* Exercise goal *
In the records below, the line with "এছাড়াও সিঞ্জন দাস, অনির্বাণ" opens the range and the line with "会议第二单元,毕业班辅导员陈" closes it; print that range exactly and nothing else.

* Working data *
· · ·

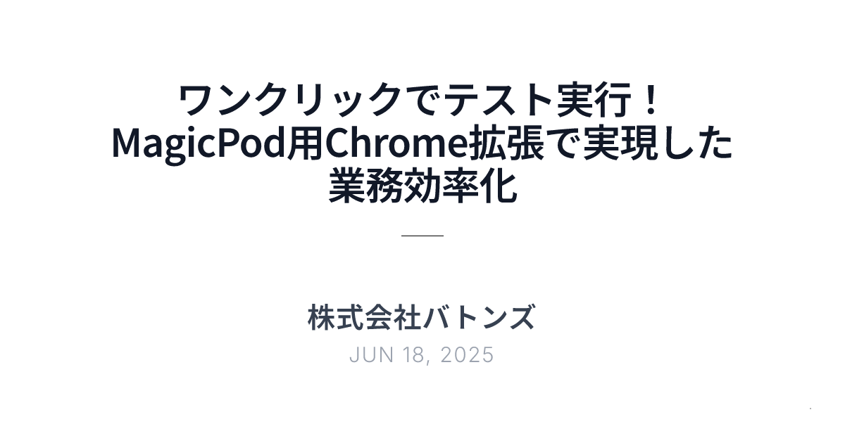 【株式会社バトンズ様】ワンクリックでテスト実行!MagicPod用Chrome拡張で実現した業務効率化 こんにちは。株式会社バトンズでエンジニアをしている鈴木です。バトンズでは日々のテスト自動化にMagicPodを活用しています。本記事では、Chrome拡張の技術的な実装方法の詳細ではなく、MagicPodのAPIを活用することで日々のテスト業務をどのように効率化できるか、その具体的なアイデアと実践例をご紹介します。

· · ·

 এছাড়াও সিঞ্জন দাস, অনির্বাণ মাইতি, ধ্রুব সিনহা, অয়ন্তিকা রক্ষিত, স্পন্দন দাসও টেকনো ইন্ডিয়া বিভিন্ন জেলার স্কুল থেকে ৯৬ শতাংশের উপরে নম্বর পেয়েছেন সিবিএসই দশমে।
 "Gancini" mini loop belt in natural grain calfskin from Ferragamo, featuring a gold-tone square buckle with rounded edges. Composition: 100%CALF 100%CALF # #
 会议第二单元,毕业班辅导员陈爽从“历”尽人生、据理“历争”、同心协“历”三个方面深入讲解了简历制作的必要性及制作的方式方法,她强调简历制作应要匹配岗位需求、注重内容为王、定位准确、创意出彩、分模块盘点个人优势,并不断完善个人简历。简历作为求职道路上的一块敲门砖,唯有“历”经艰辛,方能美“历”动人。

· · ·

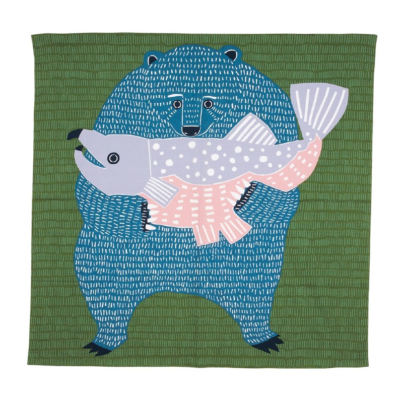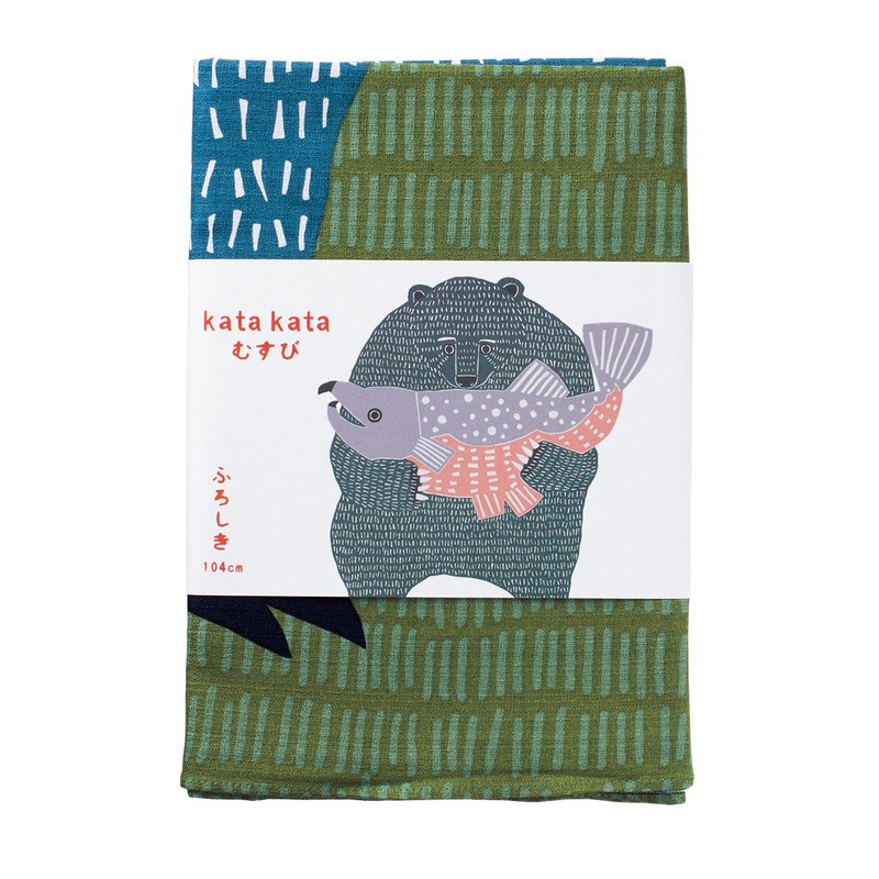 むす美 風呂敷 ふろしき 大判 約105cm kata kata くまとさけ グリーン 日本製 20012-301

· · ·

* Solution *
 এছাড়াও সিঞ্জন দাস, অনির্বাণ মাইতি, ধ্রুব সিনহা, অয়ন্তিকা রক্ষিত, স্পন্দন দাসও টেকনো ইন্ডিয়া বিভিন্ন জেলার স্কুল থেকে ৯৬ শতাংশের উপরে নম্বর পেয়েছেন সিবিএসই দশমে।
 "Gancini" mini loop belt in natural grain calfskin from Ferragamo, featuring a gold-tone square buckle with rounded edges. Composition: 100%CALF 100%CALF # #
 会议第二单元,毕业班辅导员陈爽从“历”尽人生、据理“历争”、同心协“历”三个方面深入讲解了简历制作的必要性及制作的方式方法,她强调简历制作应要匹配岗位需求、注重内容为王、定位准确、创意出彩、分模块盘点个人优势,并不断完善个人简历。简历作为求职道路上的一块敲门砖,唯有“历”经艰辛,方能美“历”动人。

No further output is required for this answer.